The main reason for using CoreData initially is to allow leverage of other solutions which provide automatic synchronisation of CoreData across devices.
The store can be read from, and written to, a dictionary-based interchange format. This only uses JSON-legal types, hence can be easily converted into JSON/XML/whatever.
Some of the aspects of the design make it expensive to implement using a traditional database.
Each property for each entity is stored as a separate record in a different table from the entity itself. Multiple entries can exist for the same property on the same entity. Thus a simple property lookup requires quite a bit of work filtering and/or sorting entries.
Right now I'm not too worried about this - I'm more interested in other aspects of how this design works.

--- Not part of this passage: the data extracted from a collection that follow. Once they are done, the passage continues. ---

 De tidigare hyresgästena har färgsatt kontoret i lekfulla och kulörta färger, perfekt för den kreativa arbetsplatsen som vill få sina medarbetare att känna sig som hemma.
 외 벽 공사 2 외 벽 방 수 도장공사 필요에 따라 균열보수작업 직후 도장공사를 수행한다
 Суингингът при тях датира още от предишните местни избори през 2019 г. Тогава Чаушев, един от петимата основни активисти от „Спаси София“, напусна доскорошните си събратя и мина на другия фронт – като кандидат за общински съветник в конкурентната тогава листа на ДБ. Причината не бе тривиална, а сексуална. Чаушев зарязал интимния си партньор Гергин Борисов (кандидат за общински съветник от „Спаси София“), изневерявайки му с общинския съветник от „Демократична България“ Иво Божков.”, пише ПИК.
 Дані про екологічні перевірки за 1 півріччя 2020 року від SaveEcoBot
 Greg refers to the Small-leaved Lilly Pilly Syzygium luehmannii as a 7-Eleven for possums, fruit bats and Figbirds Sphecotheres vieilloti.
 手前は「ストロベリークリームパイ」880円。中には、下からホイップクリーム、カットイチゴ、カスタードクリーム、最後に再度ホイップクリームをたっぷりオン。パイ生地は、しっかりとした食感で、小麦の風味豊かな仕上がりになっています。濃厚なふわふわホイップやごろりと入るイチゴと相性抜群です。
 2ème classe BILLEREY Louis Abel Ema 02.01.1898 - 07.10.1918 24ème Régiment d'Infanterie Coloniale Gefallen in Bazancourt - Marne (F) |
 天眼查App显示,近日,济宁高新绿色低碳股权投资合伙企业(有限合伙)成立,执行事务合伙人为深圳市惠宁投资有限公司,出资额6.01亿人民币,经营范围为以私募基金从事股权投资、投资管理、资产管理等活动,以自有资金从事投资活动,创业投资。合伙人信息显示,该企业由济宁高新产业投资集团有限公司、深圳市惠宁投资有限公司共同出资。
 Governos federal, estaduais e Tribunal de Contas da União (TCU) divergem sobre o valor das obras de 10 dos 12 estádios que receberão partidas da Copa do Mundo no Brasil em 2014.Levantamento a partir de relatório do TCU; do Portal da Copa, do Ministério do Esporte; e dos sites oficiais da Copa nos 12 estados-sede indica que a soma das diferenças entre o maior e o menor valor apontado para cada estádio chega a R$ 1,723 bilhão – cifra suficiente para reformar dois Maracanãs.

I'm fairly sure that a custom implementation could greatly improve efficiency if required.
Combine support is being considered.
I've got a proof of concept test in DatastoreCombineTests.swift
, but I need to think a little bit about whether it's a natural fit.
All suggestions on this front gratefully received.
- implement special modified property for entities (read-only, date of most recently modified property)
- support reading/writing arrays (and dictionaries?)
- add compact interchange output: drops older values, writes simplified properties when possible
- optimise interchange writing for compact values
- add prototypes?